If the stakes were low, such rhetoric wouldn't matter much. But of course the stakes are high, and millions of Americans who follow political news as entertainment could end up believing simplistic talking points or even outright misinformation.
Here are some of the biggest absurdities from the GOP primary trail:
Pregnant women crossing the border. Trump has claimed that women who are not only pregnant but actually nine months pregnant are crossing the border to have their children in the U.S. What he hasn't mentioned is that Customs and Border Protection officers may take pregnancy into account in determining whether a migrant is likely to comply with visa restrictions. And, needless to say, women in late stages of pregnancy would have a difficult time evading ports of entry and attempting more dangerous border crossings.
Trump has also said that children born to these late-term border crossers remain a fiscal drain on the U.S. for 85 years or more. It's true that the children of immigrants may present fiscal costs in the short term, as any newborn would, but they produce significant fiscal benefits after entering the workforce, including extending the life span of Social Security.

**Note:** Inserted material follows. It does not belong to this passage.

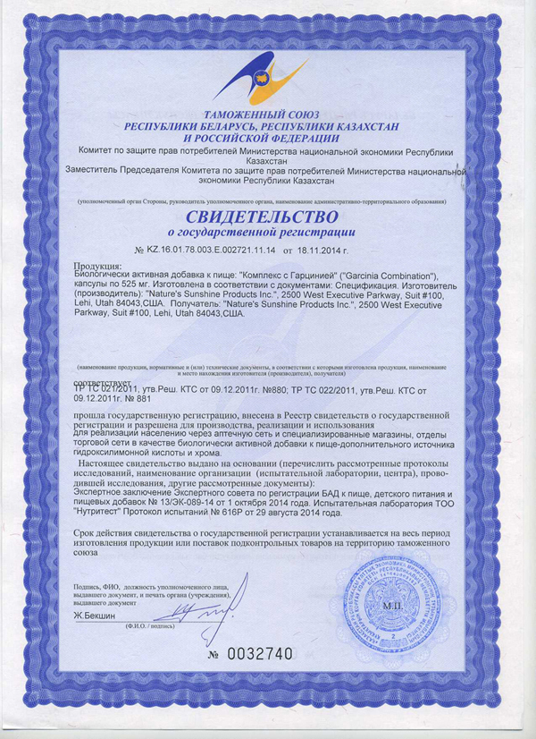 Беларусь, Россия, Армения, Казахстан, Грузия, Монголия Состав «Комплекс с Гарцинией»: 1 капсула содержит: экстракт плодов гарцинии (Garcinia cambogia) — 285 мг; звездчатка средняя, надземные части (Stellaria media) — 100,65 мг; L-карнитин — 23,6 мг (7,9% от АСП); хром (в аминокислотном хелате) — 30 мкг (60% от АСП). Вспомогательные вещества: стеарат магния, диоксид кремния, желатин. Применение «Комплекс с Гарцинией»: Взрослым по 2 капсулы 3 раза в день за 30 минут до еды. Продолжительность приема 1 месяц. Противопоказания «Комплекс с Гарцинией»: индивидуальная непереносимость компонентов продукта, беременность, кормление грудью. Украина, Молдова Состав «Garcinia Combination»: 1 капсула — Экстракт из плодов гарцинии (Garcinia cambogia)- 285 мг, Звездчатка (Stellaria media)- 100 мг. Вспомогательные вещества: L-карнитин, стеарат магния (овощной), диоксид кремния, хелат хрома, желатин. Применение «Garcinia Combination»: в качестве биологически активной добавки к пище взрослым принимать по 1 — 2 капсулы 3 раза в день за 30 минут до еды. Противопоказания «Garcinia Combination»: индивидуальная непереносимость компонентов продукта. США Ingredients Garcinia Combination: 60 mcg chromium (50% of the Daily Value), garcinia fruit rind extract, chickweed aerial parts, l-carnitine. Recommended Use Garcinia Combination: Take 2 capsules 30 minutes before a meal three times daily. Доставка продукции осуществляется почтой, курьером до дверей или самовывозом (зависит от вашего региона). Оплата производится либо на сайте официального интернет-магазина компании, либо непосредственно при получении товара наличными деньгами в национальной валюте по курсу доллара на момент покупки. Для этого у вас есть возможность оформить дисконтный номер НСП (если его нет) и получить подробную информацию о покупке продукта в вашем регионе. Похудение. Мой личный результат Правильное похудение от диетолога Стейси БеллКомплекс с Гарцинией (Garcinia Combination)

Asian birth tourism. Fiorina has said birth tourism is a festering problem in Southern California. However, the reality is that the Obama administration and local authorities have cracked down on the industry, and many in local law enforcement report fewer complaints than in years past. Even the conservative Center for Immigration Studies estimates that birth tourists account for less than 1% of all births in the U.S. each year.
Tracking of foreigners. Christie has repeatedly called for a biometric system that would track foreigners on visas and "tap them on the shoulder" when their time is up. Such a program would not only represent extreme governmental intrusion into peoples' daily lives, it would also be cost prohibitive. Remember, millions come to the U.S. each year on temporary visas, including tourist and student visas. Indeed, Congress considered a far more modest program in 2007 — tracking when people leave the U.S. — and ruled it out because of its financial cost.

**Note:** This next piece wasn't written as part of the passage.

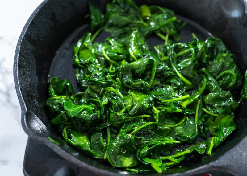 - En una sartén aparte, saltea las espinacas con un chorrito de aceite de oliva durante 3-4 minutos, hasta que reduzcan su tamaño. Sazona con una pizca de sal y pimienta.

Fortifying the U.S.-Mexico border. Several candidates, including Trump, Ben Carson and Ted Cruz, have endorsed the construction of a massive wall or fence along the entire U.S.-Mexico border. But 700 miles of fences and walls already exist, and as past studies have indicated, these fortification solutions are only partly effective in deterring illegal immigration. Not only are migrants able to evade fences by digging tunnels or getting smuggled in in vehicles, any fortification would have no effect on those who enter the U.S. legally and overstay their visas. Research has shown, moreover, that increased border enforcement has stopped the decades-old practice of circular migration among Latin American immigrants, prompting more immigrants who entered illegally to remain in the United States.

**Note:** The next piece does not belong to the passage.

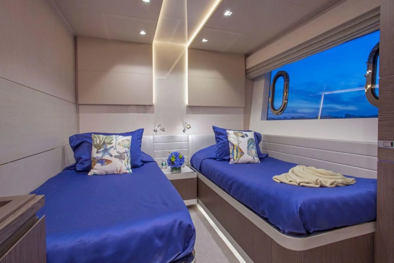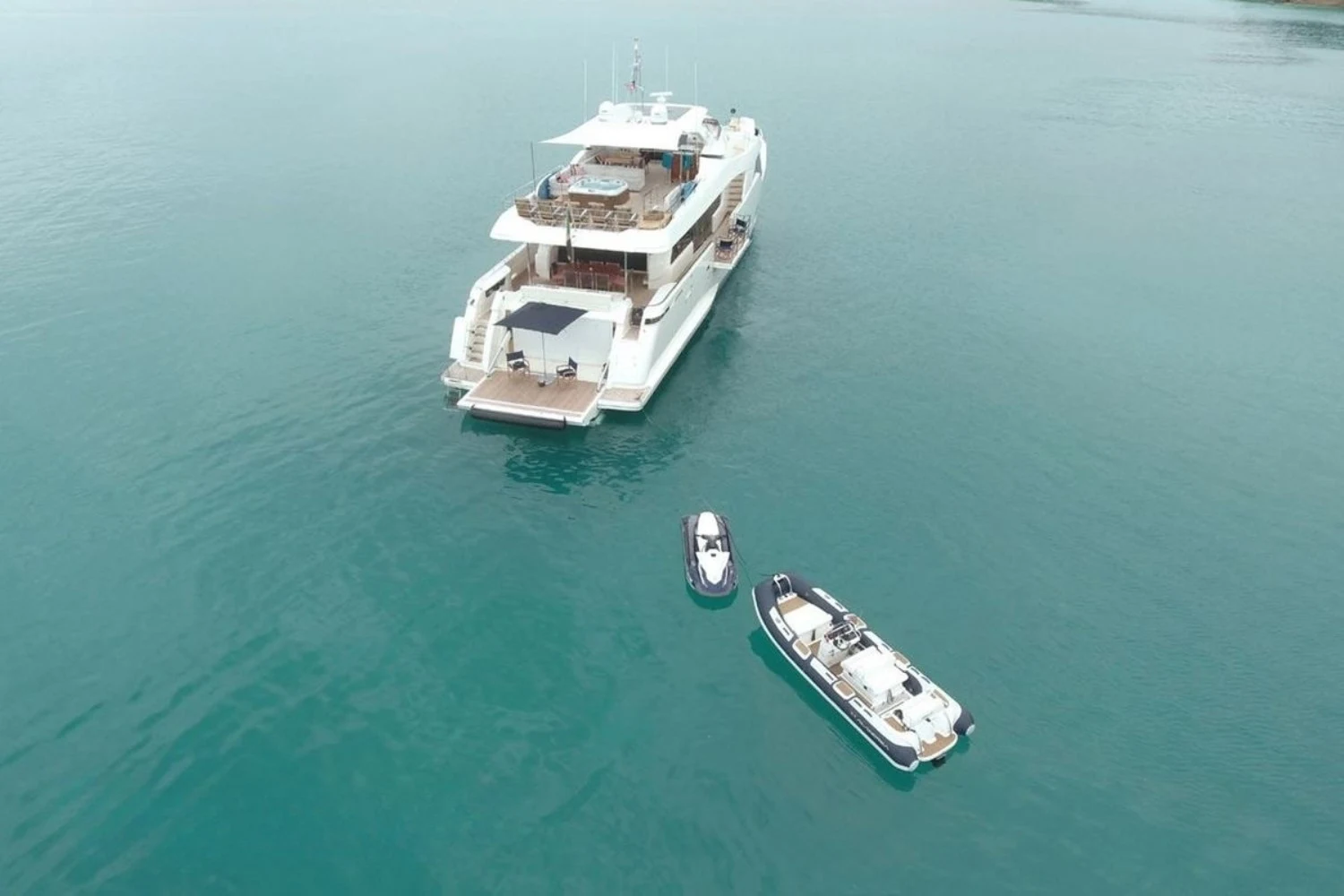 Every corner of Alandrea reflects a dedication to refined comfort and bespoke design by Zuccon. Whether you choose to relax on board or set off on an excursion ashore, the yacht’s layout and features are meticulously crafted to enhance your journey. With a capacity to host 10 guests in five opulent cabins, Alandrea presents an intimate setting for cherished memories. As the sun sets, the yacht transforms into a haven of tranquility, with the gentle lull of the sea creating a serene backdrop for your adventures.

Immigrants as violent criminals. Despite Trump's famous pronouncement to the contrary, a wide range of studies indicate that immigrants, including Mexican immigrants, are less likely than the native-born to commit violent crimes or to be incarcerated.
Immigration is a complex policy area involving many different programs and types of legal status. It is precisely because of this complexity that idle speculation and simplistic solutions can lead to significant distortions in public opinion that are at odds with reality.
Although we might not expect politicians to produce a more accurate picture — especially if inaccuracy is advantageous to their campaigns — at the very least we should expect news organizations to respond quickly with hard facts. Only then can we hope that the years-long discussion on immigration will lead to actual solutions.
Karthick Ramakrishnan, a professor of public policy at UC Riverside, and Pratheepan Gulasekaram, an associate professor of law at Santa Clara University, are coauthors of "The New Immigration Federalism."